I am specifically looking for the neural network question1

Regards confused smiley
Re: Example paper - Solution needed
September 25, 2007 11:38AM
I actually believe that the examiners need to provide the solutions to this past paper. It is a difficult subject to do, and i am having a huge problem trying to understand what is needed to be done when the questions are asked

Ive put alot of my preping for the upcoming exams into this subject, and when i look at the past paper, i dont know what is to be done. If we had the solutions, at least then we could know if we are on the right track as to what is requested from the questions

Regards
Re: Example paper - Solution needed
September 26, 2007 12:49AM
Yea,
I feel like have the wrong handbook when looking at the exam questions.
Re: Example paper - Solution needed
September 26, 2007 03:30PM
I am also struggling with, especially question 1, the exam paper.

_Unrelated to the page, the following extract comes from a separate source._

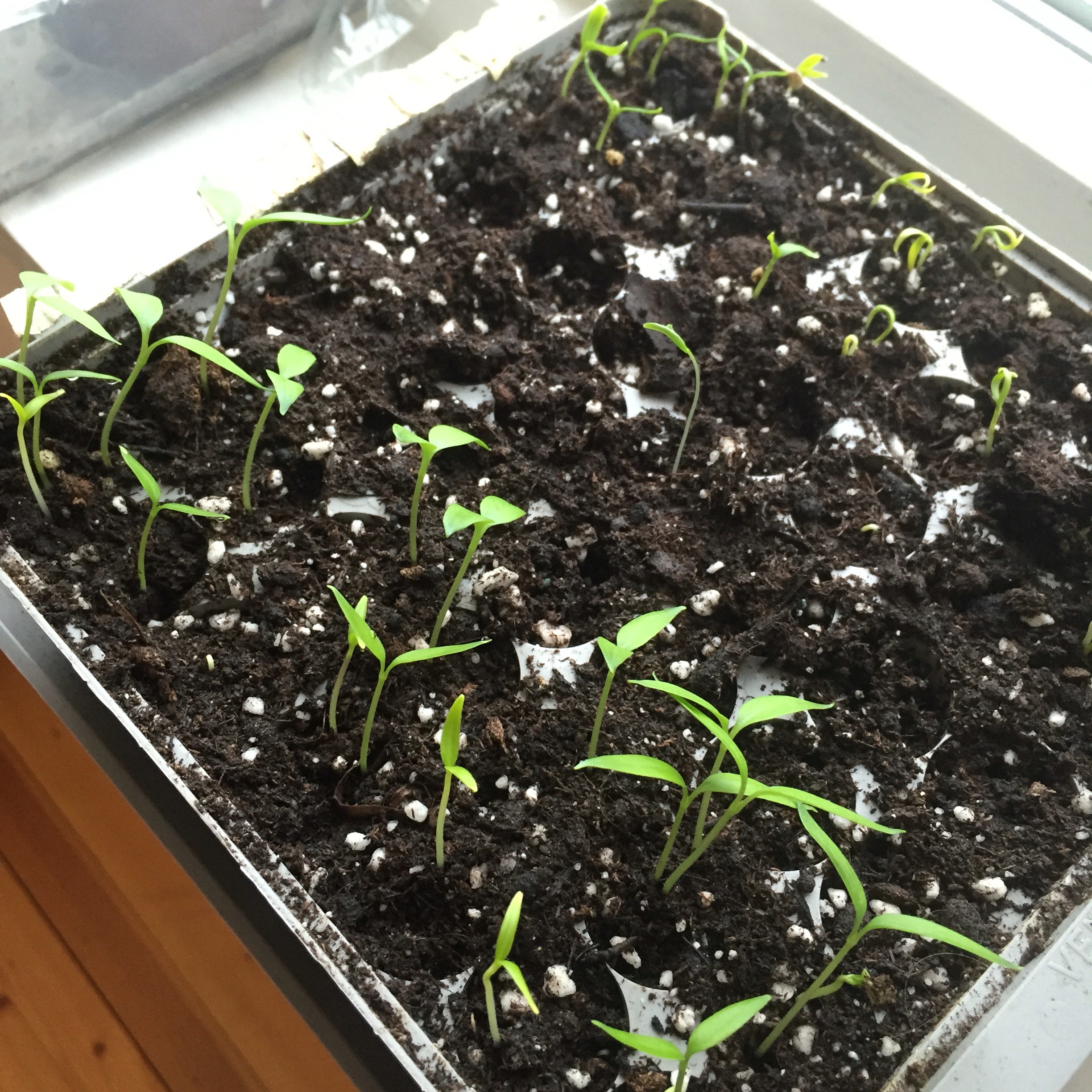 Vi har til nå plantet chili, paprika og koriander. Disse trenger tid på å vokse og har fått to uker på seg nå. Det blir som vanlig alt for mange planter når vi sår frø. Vi får gi bort noen planter etterhvert som de vokser ut av vinduskarmen.

1.2 (0 1 0) = 0 or 1 and 0 = 0
(1 0 0) = 1 or 0 and 0 = 1
(0 0 1) = 0 or 0 and 1 = 0
(1 1 1) = 1 or 1 and 1 = 1

1.3 W : weight associated with the i-th connection
c : learning rate parameter
d : desired output
f : output of the perceptron on the example
X : input vector

1.4 W1 - 0.0
threshold - 0.0
c - 1.0
d1 - 0 (is this from 1.2 ?)
f1 - or should this be 0 from 1.2
X1 - ?

Does anyone know of any examples that we can work through. I have found the following websites: file:///D:/Study_2007/COS351-D/Notes/20_C/C20_311perc.htm and www.cs.vu.nl/~elena/slides03/nn06_1_2light.ppt.

But I keep walking into the same wall, what is f and x?
Re: Example paper - Solution needed
September 26, 2007 04:35PM
I am desperately looking for Tutorial Letter 103; I did not receive it in the post yet and it does not seem to be available on myUnisa either. If somebody has an electronic copy, could they kindly e-mail it to charlvn@charlvn.za.net - much appreciated!!
avatar Re: Example paper - Solution needed
September 27, 2007 07:55AM
I've sent you a copy.
Anonymous User
Re: Example paper - Solution needed
September 27, 2007 01:08PM
please anyone email me a copy of COS 351 D past exam paper. Any additional tips for the exam from anywhere please. seems we are almos completely in the dark with this module.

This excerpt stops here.